Safety Levels and Approval Gates

Each profile has a safety level that determines how much autonomy it gets.

Read-only profiles (Explore, Verify, Debug) operate without approval gates. They can read anything, run read-only commands, and report back. The worst they can do is produce an incorrect analysis.

Write profiles (Code, Test, Document) operate with approval gates on destructive operations. Writing a new file is usually fine. Overwriting an existing file requires approval. Deleting a file always requires approval. Running a command that modifies the system requires approval.

Orchestration profiles have no direct file access at all. They route work and track state. They cannot touch the filesystem.

This means the risk surface of the system is not "the agent can do anything." It is "the Code profile can write files, and only when a human approves destructive changes." That is a much smaller surface to reason about.

Context Scope Prevents Drift

The last dimension — context scope — is the one I underestimated.

When I gave every profile the full project context, the Code agent would read blog post drafts and try to "fix" them. The Test agent would notice unrelated code style issues and try to address them. The Documentation agent would see the task queue and start reorganizing it.

Trimming context per profile fixed this. The Code agent sees source files and the current task. The Test agent sees the test suite and relevant source. The Documentation agent sees the docs directory and the changelog. Nobody sees everything, and nobody gets distracted by work that is not theirs.

Context scope is how you tell an agent what to care about. Loading irrelevant files is not neutral — it actively degrades focus.

The General Principle

The case for specialized profiles is the same as the case for specialized roles in any team. A developer who also writes all the documentation, runs all the tests, manages the deployment pipeline, and answers support tickets will do none of those things well. Not because they are incapable, but because context-switching has a cost.

AI agents have the same problem, with an additional twist: they cannot self-regulate focus. A human developer knows, intuitively, that writing a commit message is not the time to refactor the database layer. An LLM with a general-purpose prompt has no such intuition. Everything in the prompt carries equal weight.

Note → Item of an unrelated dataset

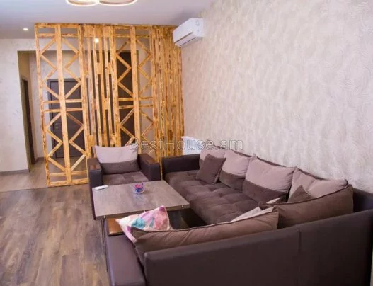 A 3-room, fully renovated apartment is for rent on Lvovyan Street, fully furnished and equipped with appliances.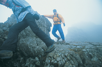 Mobile phones often have no coverage in the mountains so it would be advisable to carry a whistle. You will need a good map the correct boots suitable clothing and don't forget to check the weather. Reports are often on the doors and notice boards of outdoor shops and tourist offices.

Splitting the agent into profiles solves three problems at once. It focuses the model's attention, it shrinks the tool access surface, and it clarifies the safety boundary for each task. The system prompt for each profile can be short and specific, because the profile only does one thing.

You do not need twelve profiles. Start with three: one that reads, one that writes, and one that routes. The reading agent explores and reports. The writing agent makes changes. The routing agent decides which is which. That covers most use cases.

Add more profiles when you notice that one of them is doing two jobs that keep interfering with each other. That is the signal. Not a framework, not a best-practices document — the observation that your writing agent keeps trying to test, or your test agent keeps trying to document.

Specialization is not about having more agents. It is about each agent having a clear enough identity that it does the right thing without you hovering over its shoulder.